■ REQUIRED ACTION: In this exercise, retype exactly and only the lines from the top of the entries below through the line that holds "WC Sitz mit", omitting pictures.

── INPUT FOR THIS TASK

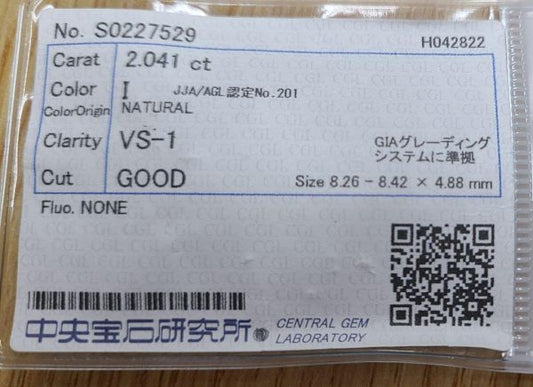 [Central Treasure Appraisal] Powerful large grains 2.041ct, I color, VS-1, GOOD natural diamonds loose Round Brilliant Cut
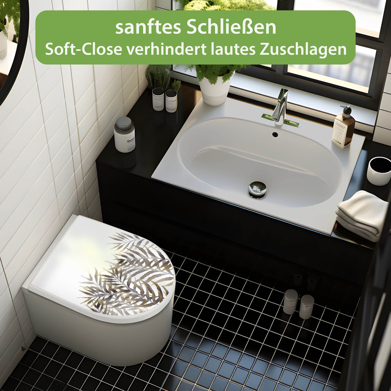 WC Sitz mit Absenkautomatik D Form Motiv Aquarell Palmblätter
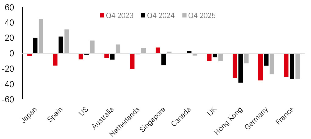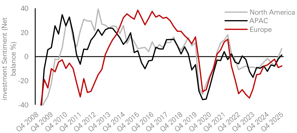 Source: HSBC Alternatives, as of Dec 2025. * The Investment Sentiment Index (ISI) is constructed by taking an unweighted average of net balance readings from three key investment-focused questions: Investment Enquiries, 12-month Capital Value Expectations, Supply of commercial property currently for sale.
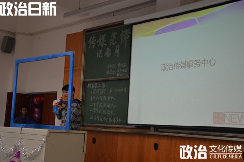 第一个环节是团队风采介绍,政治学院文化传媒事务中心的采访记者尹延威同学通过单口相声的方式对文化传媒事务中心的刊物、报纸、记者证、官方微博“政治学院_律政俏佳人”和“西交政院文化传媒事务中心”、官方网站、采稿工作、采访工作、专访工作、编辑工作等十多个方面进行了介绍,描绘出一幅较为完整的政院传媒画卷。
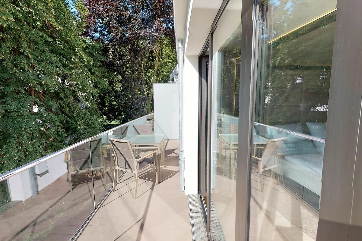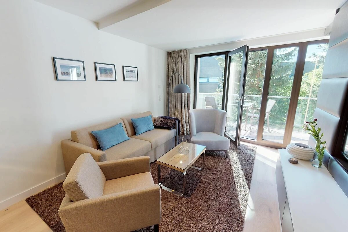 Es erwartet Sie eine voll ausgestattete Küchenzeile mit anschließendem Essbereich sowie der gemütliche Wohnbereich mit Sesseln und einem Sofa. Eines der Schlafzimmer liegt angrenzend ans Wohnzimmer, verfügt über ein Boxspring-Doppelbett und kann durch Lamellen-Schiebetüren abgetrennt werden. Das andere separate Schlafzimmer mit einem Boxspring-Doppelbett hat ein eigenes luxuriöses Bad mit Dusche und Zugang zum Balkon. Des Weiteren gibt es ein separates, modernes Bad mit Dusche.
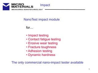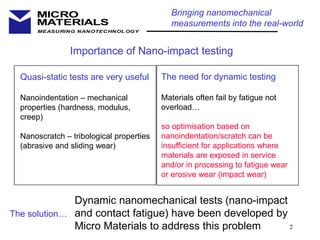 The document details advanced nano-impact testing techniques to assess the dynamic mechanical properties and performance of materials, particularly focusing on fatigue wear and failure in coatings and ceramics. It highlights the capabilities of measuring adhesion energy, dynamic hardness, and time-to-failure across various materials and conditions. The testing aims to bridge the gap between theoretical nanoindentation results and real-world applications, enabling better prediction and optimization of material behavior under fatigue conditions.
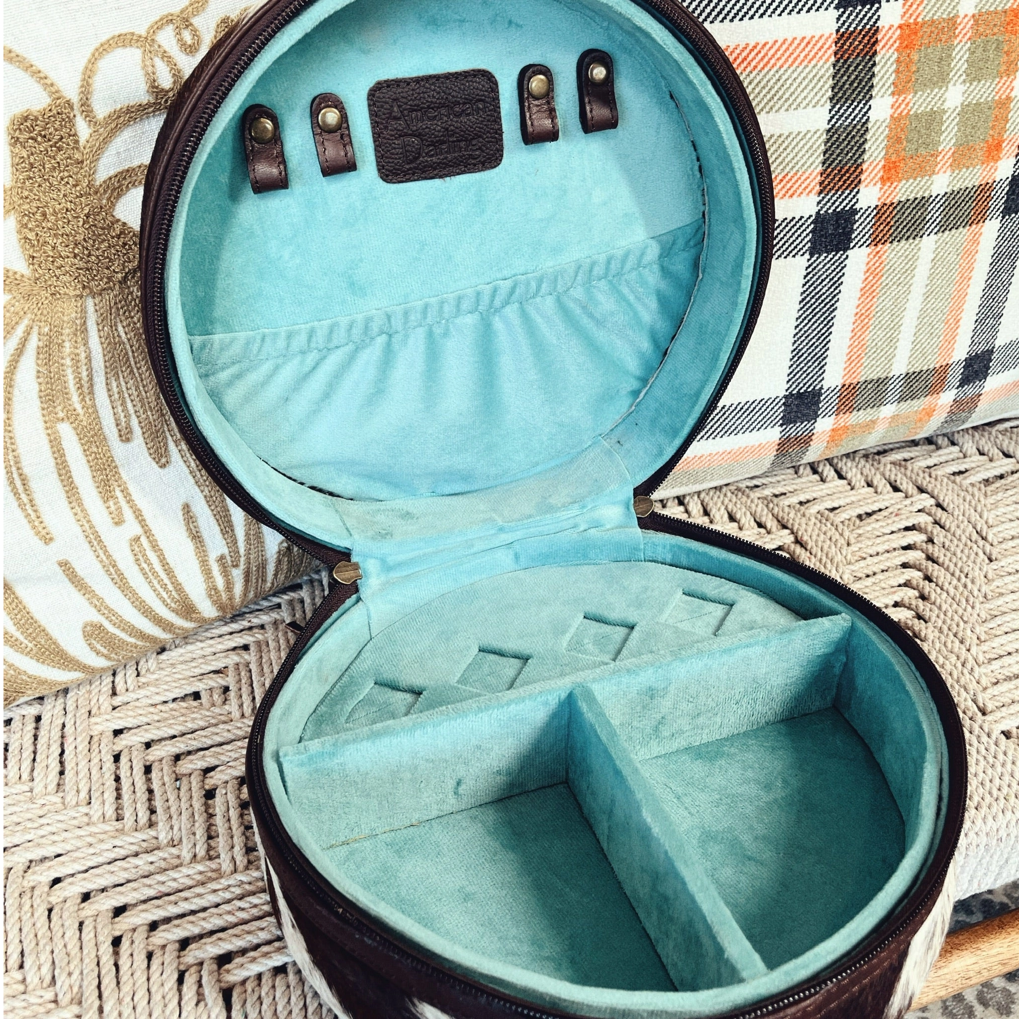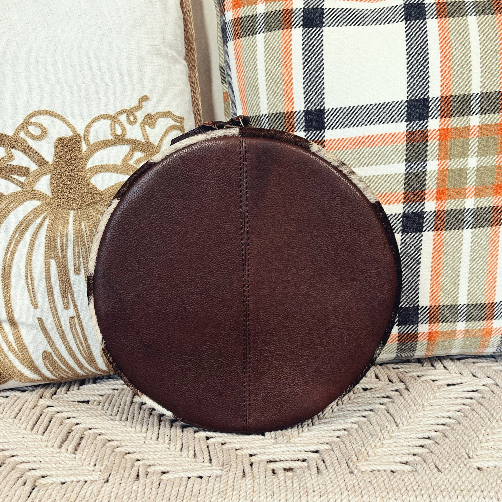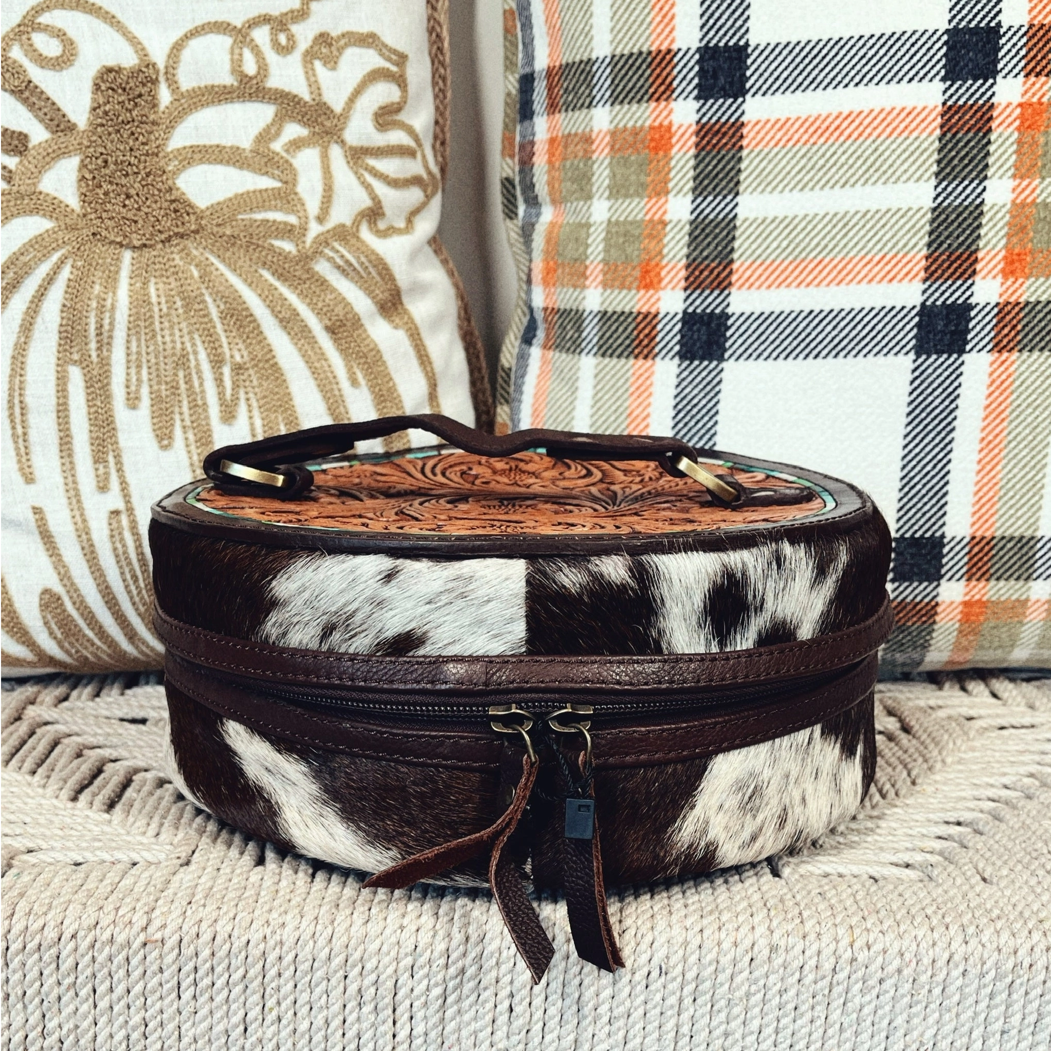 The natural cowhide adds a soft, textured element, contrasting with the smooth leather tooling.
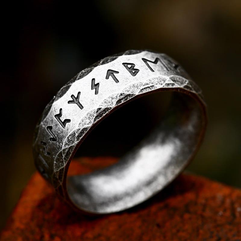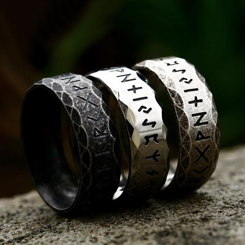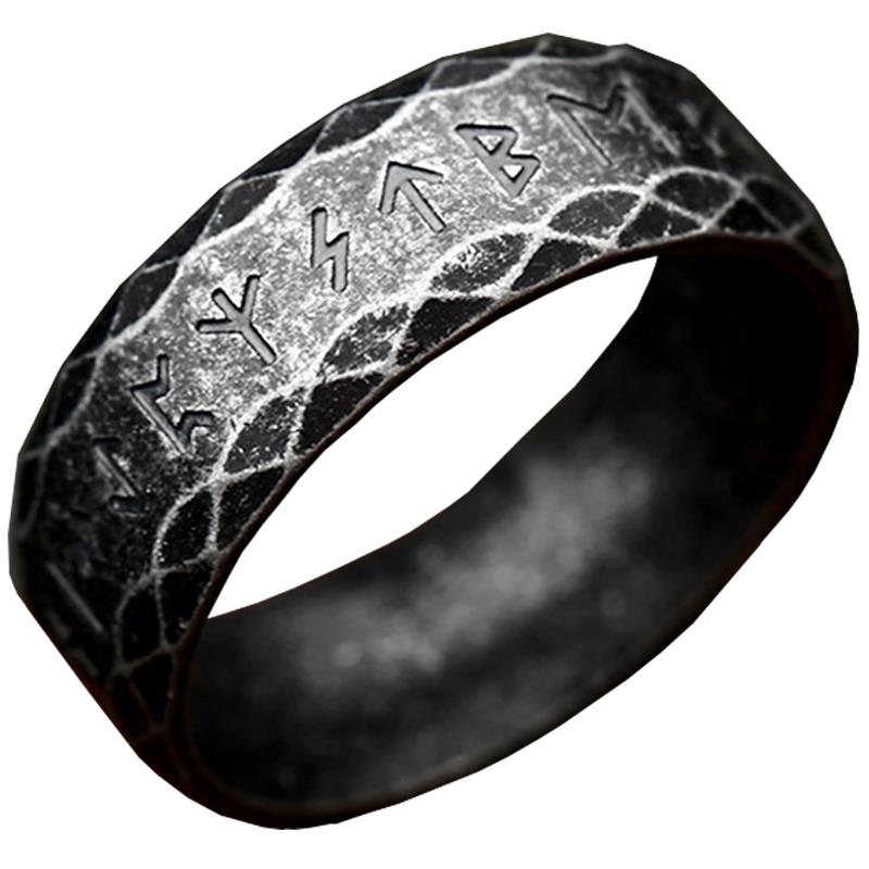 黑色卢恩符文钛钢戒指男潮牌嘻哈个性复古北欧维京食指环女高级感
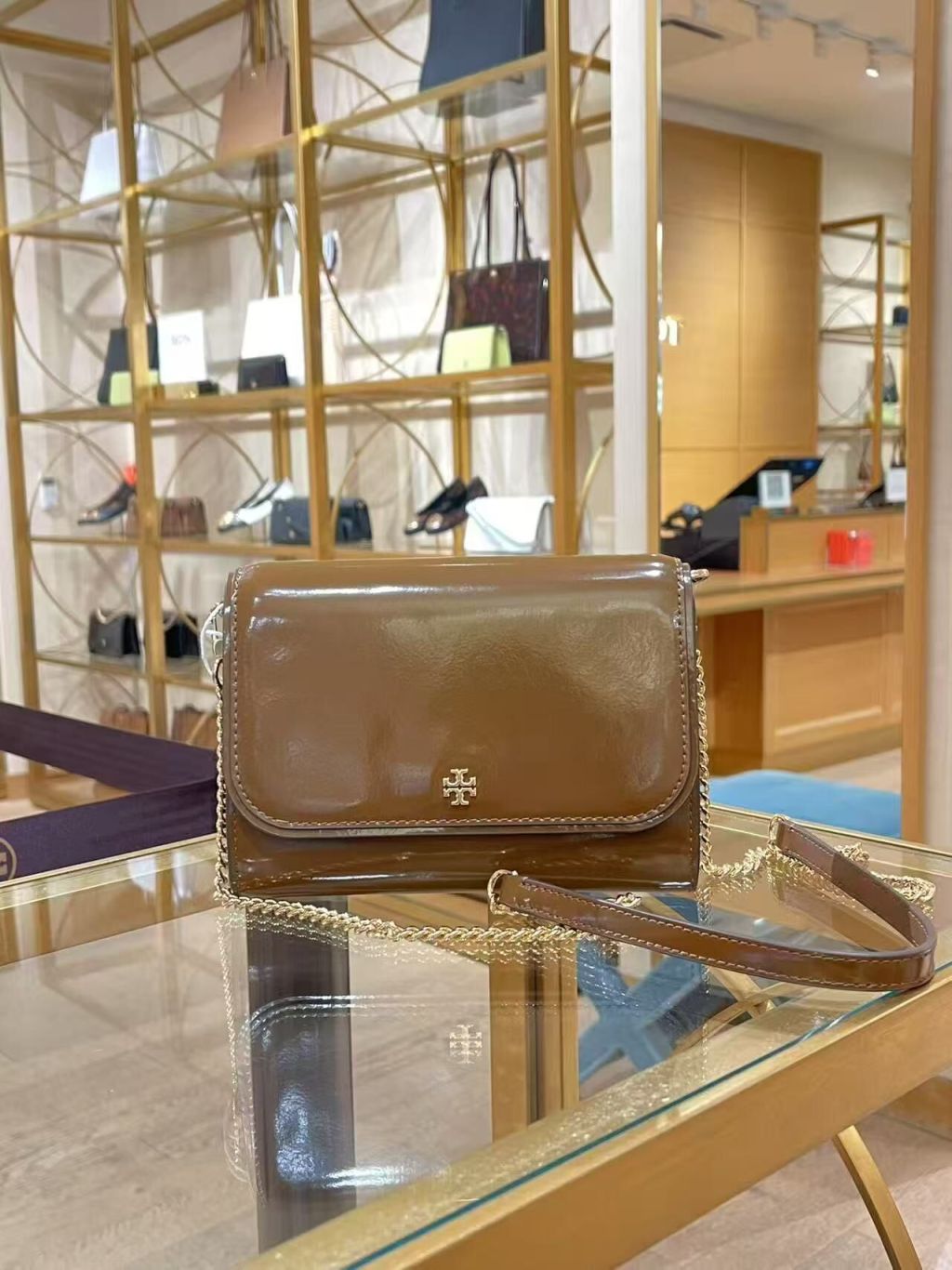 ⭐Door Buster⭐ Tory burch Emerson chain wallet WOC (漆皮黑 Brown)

────

■ WRITTEN RESPONSE:
 [Central Treasure Appraisal] Powerful large grains 2.041ct, I color, VS-1, GOOD natural diamonds loose Round Brilliant Cut
 WC Sitz mit Absenkautomatik D Form Motiv Aquarell Palmblätter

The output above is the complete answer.